By Fatik al-Rodaini
SANA'A, May 1, 2012- A tribal source in Yemen
southern province of Abyan said that 3 Swedish nationals joined lately Ansar
al-Sharia fighters to fight along with them against Yemeni authorities.
The source reported that the three Swedish
entered legally to Yemen as tourists, and then they joined the militants in its
fighting against Yemeni government.
They arrived in Abyan province on Monday and they
are now in al-Motheleth district of Jaar city, where fierce clashes took place
between Yemeni government troops backed by tribesmen and al-Qaeda militants.
Yemeni authorities always announced the
arrested of foreign personnel fighting along with al-Qaeda most of these
fighters came to Yemen from Arabic countries such as Saudi Arabia, Somalia, Iraq
and so on, and sometime came from Pakistan or Afghanistan. It is seldom Yemeni authorities
captured people from the West.
Last
week, Yemeni authorities in southern province of Hadhramout arrested at least
39 al-Qaeda militants, all of them are foreigners.
''The
militants fled from Abyan province to Al-Mukalla city after fierce clashes took
place in Abyan forcing them to leave their hideouts,'' a resident said.
According
to security sources, the detainees, who were arrested in al-Mukalla by the
Yemeni authorities, were intending to flee to Saudi Arabia.
In March Yemen and the US carried out
airstrikes against AQAP hideouts in Abyan and Al-Baidha provinces, killing and
wounding scores of civilians alongside alleged terrorists militants.
Yemen Interior Ministry said in a statement
that 2 Pakistanis, 2 Saudi nationals, 1 Syrian and 1 Iraqi were among the dead
in the raid.
The question here is: “are there foreign
jihadists in Yemen—if so, where do they come from?”
Al-Qaeda in the Arabian Peninsula depends very
much on foreign fighters alongside Yemeni locals as it needs to maintain a
global element to its movement. After AQAP was formed in January 2009 from a
merger of the Saudi and Yemeni terror cells the organization realized it needed
to internationalize its support system and launch a recruiting campaign. This
is when the foreign jihadist movement was formed.

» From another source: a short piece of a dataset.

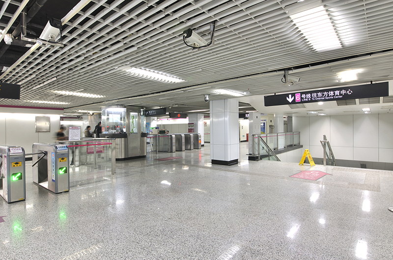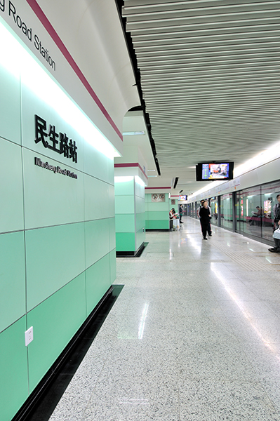 軌道交通6號線民生路站位于民生路西側(cè)的張楊路路中隔離綠帶下,呈東西向布置,為路中地下一層半帶存車線的淺埋敞開式側(cè)式站。車站全長284.7m,標準段寬度為19.6m,側(cè)站臺寬度為4m,總建筑面積7683m2。
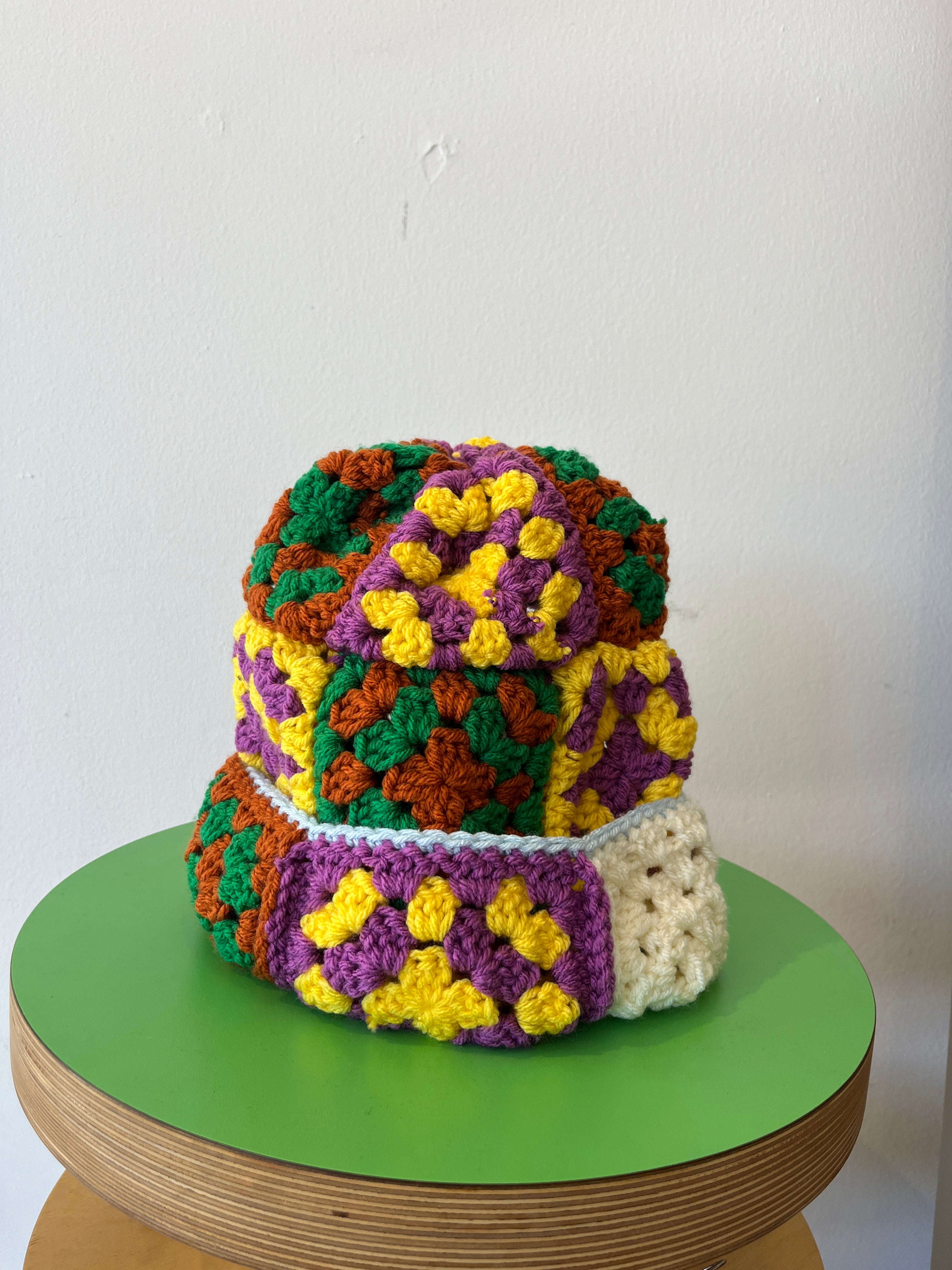 Each square was individually crocheted, patchworked and then hand sewn together to form this article of headwear.

For the first time AQAP allowed Saudi militants
to participate as active partners in the organization not only as normal
members but also as leaders.
AQAP declared in 2009 that 2 Saudi militants
were among its leaders, Said Ali al-Shihri became the deputy commander of the
group and Ibrahim Hassan al-Asiri, the bomb maker.
The group in Yemen recruited foreign elements
to carry out some targeted attacks against local government facilities, as well
as recruiting foreign elements to pursue a similar policy abroad, such as the
failed bombing of Northwest Flight 253 over Detroit, which took place on
December 25, 2009 with Umar Farouk Abdulmutallab, a Nigerian national being the
main perpetrator.
In an interview with the American ambassador to
Yemen, published last year, the official revealed that there were several
jihadists in Yemen, alongside Yemeni fighters, most of whom came from Saudi
Arabia, Somalia, Egypt, Syria, Jordan, Pakistan, Afghanistan, and Southern Asia.
Aish Awas, a Yemeni research in AQAP affairs
added that some fighters were from America, Britain, Iraq, Sudan, and the
United Emirates but in a far lesser numbers.
Moreover, Wikileaks site released last year a
US diplomatic cable, which bore the names of some 6 women living in Australia
as potential targets of an al-Qaeda plot to recruit women for terror attacks.
The women 4 Australians, 1 Briton and 1
Filipino are among 23 people based in Australia, alleged by Australian Security
Intelligence Organization (ASIO) and the US State Department to be connected to
al-Qaeda in the Arabian Peninsula (AQAP).
The latest batch of confidential and secret
cables written by the US embassy in Canberra in January last year, was sent to
US intelligence agencies and 15 American diplomatic stations around the world.
Many of these foreign fighters traveled to
countries like Yemen for terrorism training. AQAP opened a training camp in the
district of Mudiyah in the southern province of Abyan. The camp highlights
Yemen’s value to al Qaeda in waging its global terror campaign.
According to residents in Abyan province, that
camp sheltered more than 800 local and foreign fighters. Yemenis, Saudis, and
Somalis make up the vast majority of the fighters.